# SUPPLIED MATERIAL:
___

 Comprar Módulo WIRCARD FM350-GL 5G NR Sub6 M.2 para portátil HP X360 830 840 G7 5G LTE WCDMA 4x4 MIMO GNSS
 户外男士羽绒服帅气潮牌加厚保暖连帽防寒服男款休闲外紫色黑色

___

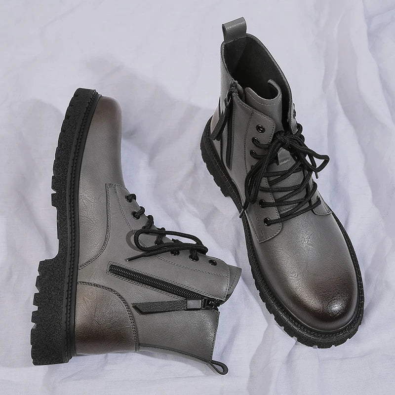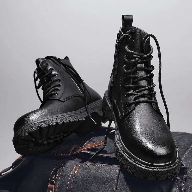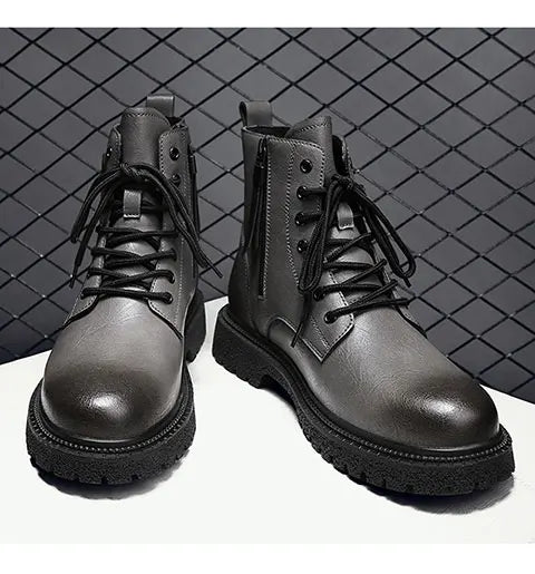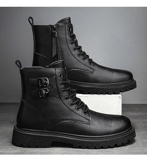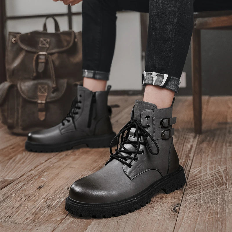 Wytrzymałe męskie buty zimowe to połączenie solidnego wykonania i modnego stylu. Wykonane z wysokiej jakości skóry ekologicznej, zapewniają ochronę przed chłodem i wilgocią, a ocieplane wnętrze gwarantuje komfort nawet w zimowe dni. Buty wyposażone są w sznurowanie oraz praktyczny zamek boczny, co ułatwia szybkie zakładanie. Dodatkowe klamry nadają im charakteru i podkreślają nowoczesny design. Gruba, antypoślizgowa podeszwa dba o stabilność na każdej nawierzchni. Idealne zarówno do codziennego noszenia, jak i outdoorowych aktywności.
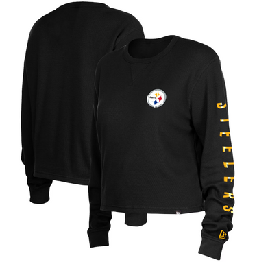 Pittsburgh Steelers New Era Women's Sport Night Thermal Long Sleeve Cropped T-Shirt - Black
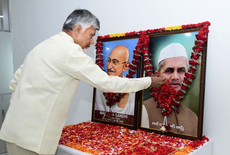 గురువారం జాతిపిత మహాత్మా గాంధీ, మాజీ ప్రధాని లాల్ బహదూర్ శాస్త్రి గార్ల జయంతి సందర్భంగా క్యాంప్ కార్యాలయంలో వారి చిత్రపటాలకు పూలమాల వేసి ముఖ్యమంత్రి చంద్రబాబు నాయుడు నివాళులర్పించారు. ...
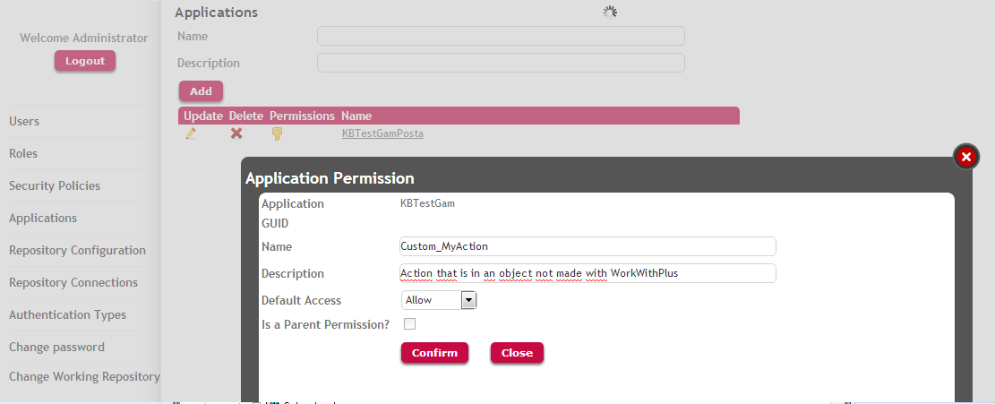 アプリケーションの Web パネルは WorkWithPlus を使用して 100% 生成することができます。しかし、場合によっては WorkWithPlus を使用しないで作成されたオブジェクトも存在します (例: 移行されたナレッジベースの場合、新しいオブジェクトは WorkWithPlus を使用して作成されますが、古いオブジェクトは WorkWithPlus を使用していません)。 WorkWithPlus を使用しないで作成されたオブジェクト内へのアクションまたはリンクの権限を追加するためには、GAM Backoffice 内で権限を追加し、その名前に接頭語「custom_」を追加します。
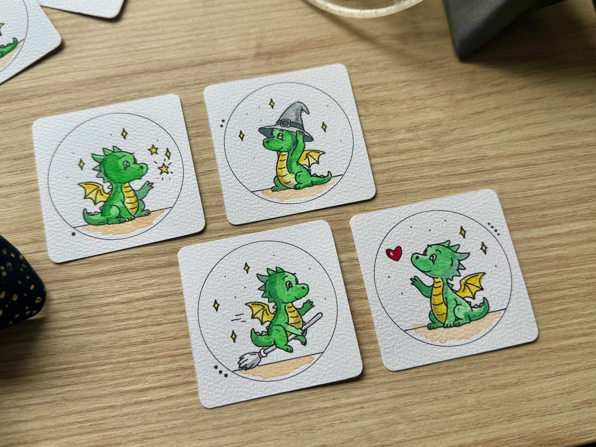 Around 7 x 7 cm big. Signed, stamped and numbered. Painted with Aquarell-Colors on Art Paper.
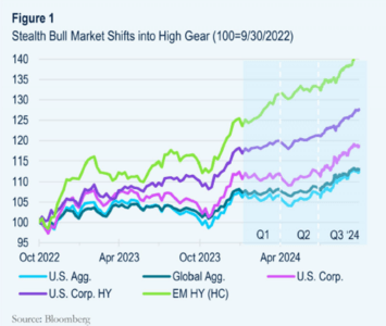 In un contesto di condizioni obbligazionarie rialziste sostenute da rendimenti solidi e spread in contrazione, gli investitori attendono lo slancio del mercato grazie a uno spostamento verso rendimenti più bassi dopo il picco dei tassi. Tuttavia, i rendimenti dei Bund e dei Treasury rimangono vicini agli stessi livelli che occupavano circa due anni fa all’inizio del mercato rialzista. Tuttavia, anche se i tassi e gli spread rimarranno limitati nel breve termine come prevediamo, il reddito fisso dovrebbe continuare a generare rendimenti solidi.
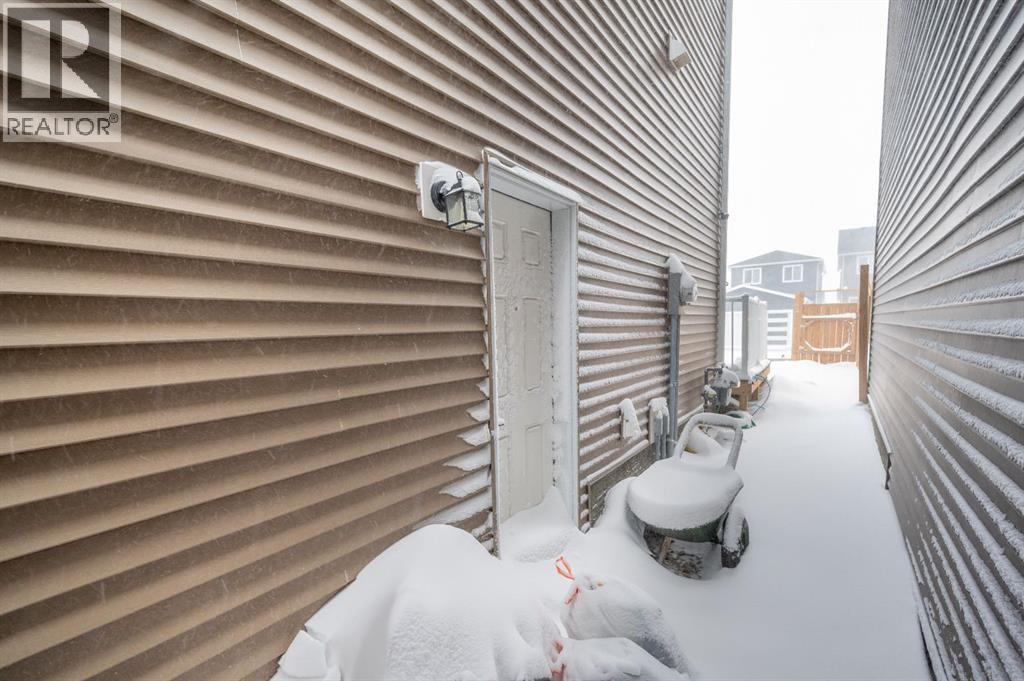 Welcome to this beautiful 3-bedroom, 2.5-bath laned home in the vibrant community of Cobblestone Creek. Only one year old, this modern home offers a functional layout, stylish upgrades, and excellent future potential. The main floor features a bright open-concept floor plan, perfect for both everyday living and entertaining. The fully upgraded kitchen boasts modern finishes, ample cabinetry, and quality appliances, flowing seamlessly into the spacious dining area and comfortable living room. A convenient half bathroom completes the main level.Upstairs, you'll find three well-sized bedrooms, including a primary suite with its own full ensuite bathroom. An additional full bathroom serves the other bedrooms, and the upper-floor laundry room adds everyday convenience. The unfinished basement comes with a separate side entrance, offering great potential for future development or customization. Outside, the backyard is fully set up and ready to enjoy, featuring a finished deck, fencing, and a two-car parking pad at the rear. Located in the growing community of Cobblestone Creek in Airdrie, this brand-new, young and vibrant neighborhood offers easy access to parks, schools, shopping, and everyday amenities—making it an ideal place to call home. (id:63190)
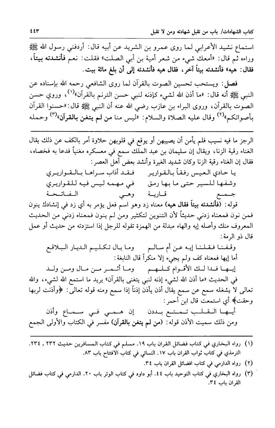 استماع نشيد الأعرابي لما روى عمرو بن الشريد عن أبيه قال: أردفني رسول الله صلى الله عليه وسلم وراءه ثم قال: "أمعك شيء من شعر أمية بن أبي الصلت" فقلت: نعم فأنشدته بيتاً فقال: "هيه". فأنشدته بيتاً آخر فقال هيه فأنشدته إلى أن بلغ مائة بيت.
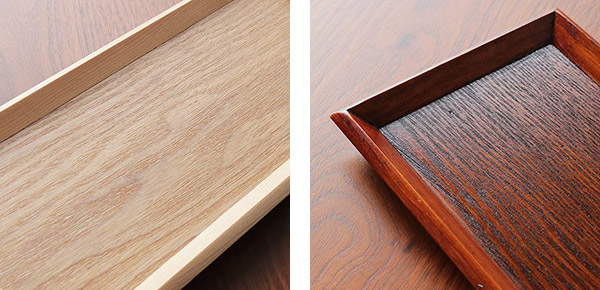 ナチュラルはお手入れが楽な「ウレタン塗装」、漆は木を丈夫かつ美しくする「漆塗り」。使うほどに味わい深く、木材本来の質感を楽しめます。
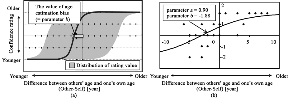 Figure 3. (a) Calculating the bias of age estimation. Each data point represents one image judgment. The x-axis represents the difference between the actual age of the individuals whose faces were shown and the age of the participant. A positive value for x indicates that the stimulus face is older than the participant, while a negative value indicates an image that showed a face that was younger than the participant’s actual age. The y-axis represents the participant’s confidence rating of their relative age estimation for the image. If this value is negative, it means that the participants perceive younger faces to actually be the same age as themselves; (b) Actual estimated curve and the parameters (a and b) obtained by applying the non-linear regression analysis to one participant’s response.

___

# WORK REQUEST:
What is needed is an exact copy of the lines above, from the one containing "Comprar Módulo WIRCARD" through the one containing "户外男士羽绒服帅气潮牌加厚保暖连帽防寒服男款休闲外紫色黑色", with nothing added.

# WRITTEN RESPONSE:
 Comprar Módulo WIRCARD FM350-GL 5G NR Sub6 M.2 para portátil HP X360 830 840 G7 5G LTE WCDMA 4x4 MIMO GNSS
 户外男士羽绒服帅气潮牌加厚保暖连帽防寒服男款休闲外紫色黑色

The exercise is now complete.